Впереди достраивался точечный кирпичный дом, вероятно, будущая общага. На высоте функционировал подъемный кран.

— Резонно, — согласился со мной Батюшка, — об этом я не подумал. Хотя, вон, бабка идет — и ничего! Ты ведь один свой труп видел, а не несколько? Может, ломанем за ней впритык?

По стройплощадке ковыляла клюкастая бабушка, мелодично позвякивая дарами дворов- пустыми бутылками в своей авоське. Я застыл в нерешительности ярко светило солнышко, все выглядело таким мирным.

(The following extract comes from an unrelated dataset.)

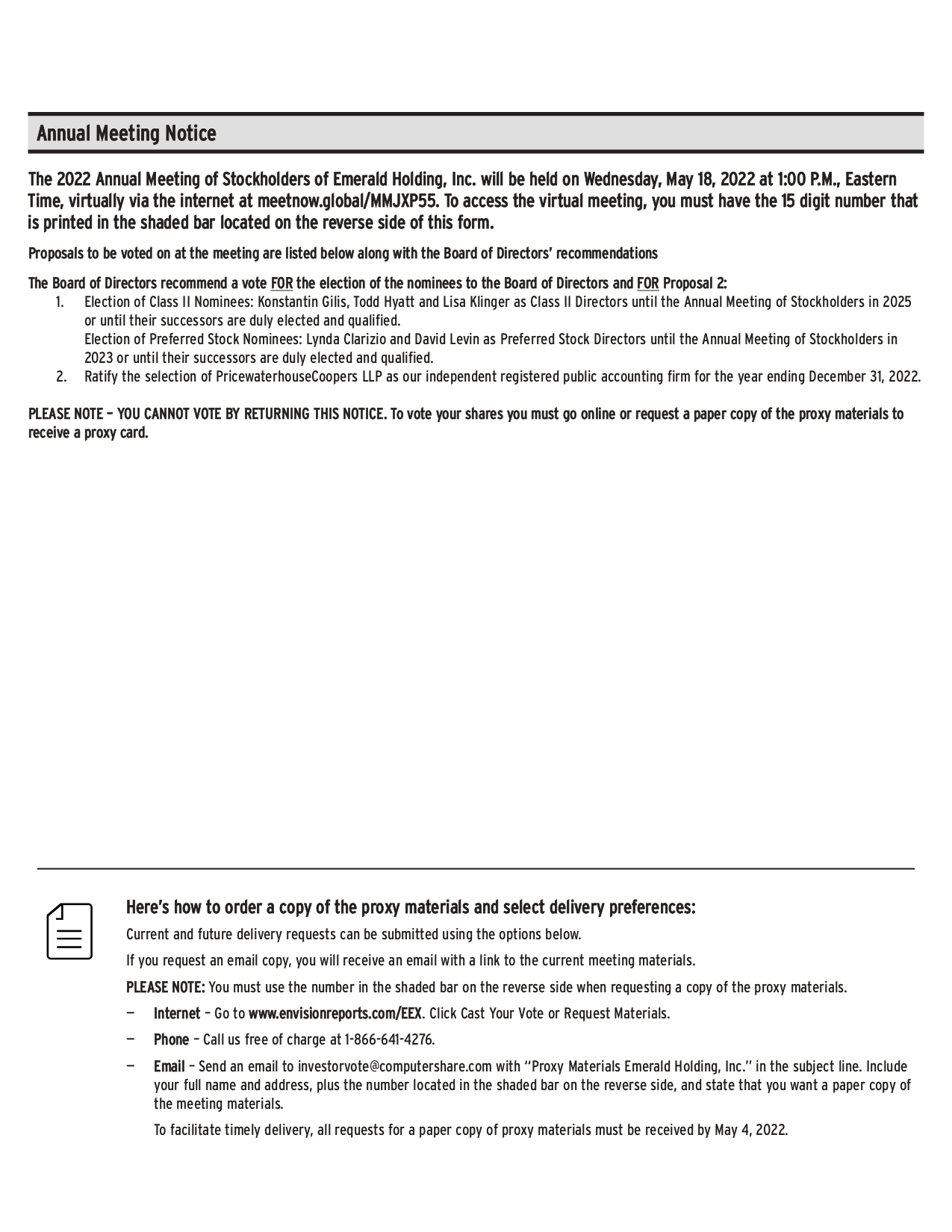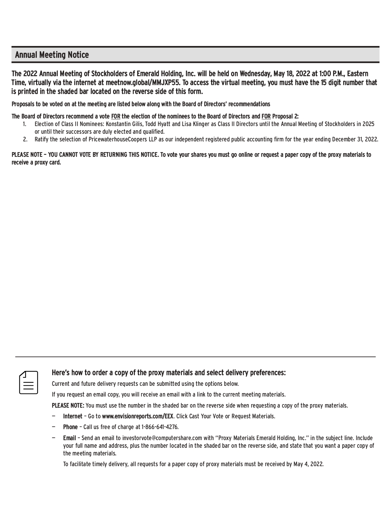 Here’s how to order a copy of the proxy materials and select delivery preferences: Current and future delivery requests can be submitted using the options below. If you request an email copy, you will receive an email with a link to the current meeting materials. PLEASE NOTE: You must use the number in the shaded bar on the reverse side when requesting a copy of the proxy materials. — Internet – Go to www.envisionreports.com/EEX. Click Cast Your Vote or Request Materials. — Phone – Call us free of charge at 1-866-641-4276. — Email – Send an email to investorvote@computershare.com with “Proxy Materials Emerald Holding, Inc.” in the subject line. Include your full name and address, plus the number located in the shaded bar on the reverse side, and state that you want a paper copy of the meeting materials. To facilitate timely delivery, all requests for a paper copy of proxy materials must be received by May 4, 2022. The 2022 Annual Meeting of Stockholders of Emerald Holding, Inc. will be held on Wednesday, May 18, 2022 at 1:00 P.M., Eastern Time, virtually via the internet at meetnow.global/MMJXP55. To access the virtual meeting, you must have the 15 digit number that is printed in the shaded bar located on the reverse side of this form. Proposals to be voted on at the meeting are listed below along with the Board of Directors’ recommendations The Board of Directors recommend a vote FOR the election of the nominees to the Board of Directors and FOR Proposal 2: 1. Election of Class II Nominees: Konstantin Gilis, Todd Hyatt and Lisa Klinger as Class II Directors until the Annual Meeting of Stockholders in 2025 or until their successors are duly elected and qualified. Election of Preferred Stock Nominees: Lynda Clarizio and David Levin as Preferred Stock Directors until the Annual Meeting of Stockholders in 2023 or until their successors are duly elected and qualified. 2. Ratify the selection of PricewaterhouseCoopers LLP as our independent registered public accounting firm for the year ending December 31, 2022. PLEASE NOTE – YOU CANNOT VOTE BY RETURNING THIS NOTICE. To vote your shares you must go online or request a paper copy of the proxy materials to receive a proxy card. Annual Meeting Notice

— Вася! Ты что, дискобол, не видишь?! — закричали сверху крановщик слишком низко подал вязанку бурого кирпича, и недовольные строители начали воздвигать словесные многоэтажки:

— Вира, Вася, её бы, твою! Вира!

— Батюшка, бабка-то как раз под кирпичами ползет, — громким шепотом сказал я, — пойти, вытолкать ее со стройплощадки?

— Сдурел? На это же все рассчитано: ты идешь бабку спасать, кирпич падает, бабка подбирает бутылки, а я — тебя. Стой уж! Осторожней, старая! — заорал Батюшка и кинулся вперед. Но было уже поздно. Кирпичная вязанка шарахнулась о стенку, выстрелом лопнул один из тросов, и кирпичи полетели вниз, вызывая ассоциацию с телепередачей про американские бомбардировки Вьетнама.

— Ну вот и все, а ты боялся! — хлопнул меня по плечу Батюшка.

Несколько десятков кирпичей взрыли глину как раз позади старушки, и лишь один, каким-то невероятным рикошетом, звякнул по ее авоське. Если бы мы пошли за ней следом!

Сама бабушка ни капельки не пострадала, даже не испугалась, а только задрала голову и начала обличать пьянство и остальные пороки строителей в таких выражениях, что Батюшка покраснел. И тут что-то шлепнулось мне на голову. Я вздрогнул и отскочил.

— Птичка, — сказал Батюшка, доставая носовой платок, — я вытру.

Прошло десять лет Маленький трехэтажный домик за церковью-заводом давно перемодернизировали почти до неузнаваемости, сейчас на его месте возвышается некоторое трехэтажное же, но странно, не по-питерски, выглядящее здание. Зачем-то я отыскал Иринкину соседку снизу, и она подарила мне картину Яна Антонышева, с которой смотрят на меня теперь темными пятнами окна бывшей квартиры N 12 ещё того самого, «оригинального» домика.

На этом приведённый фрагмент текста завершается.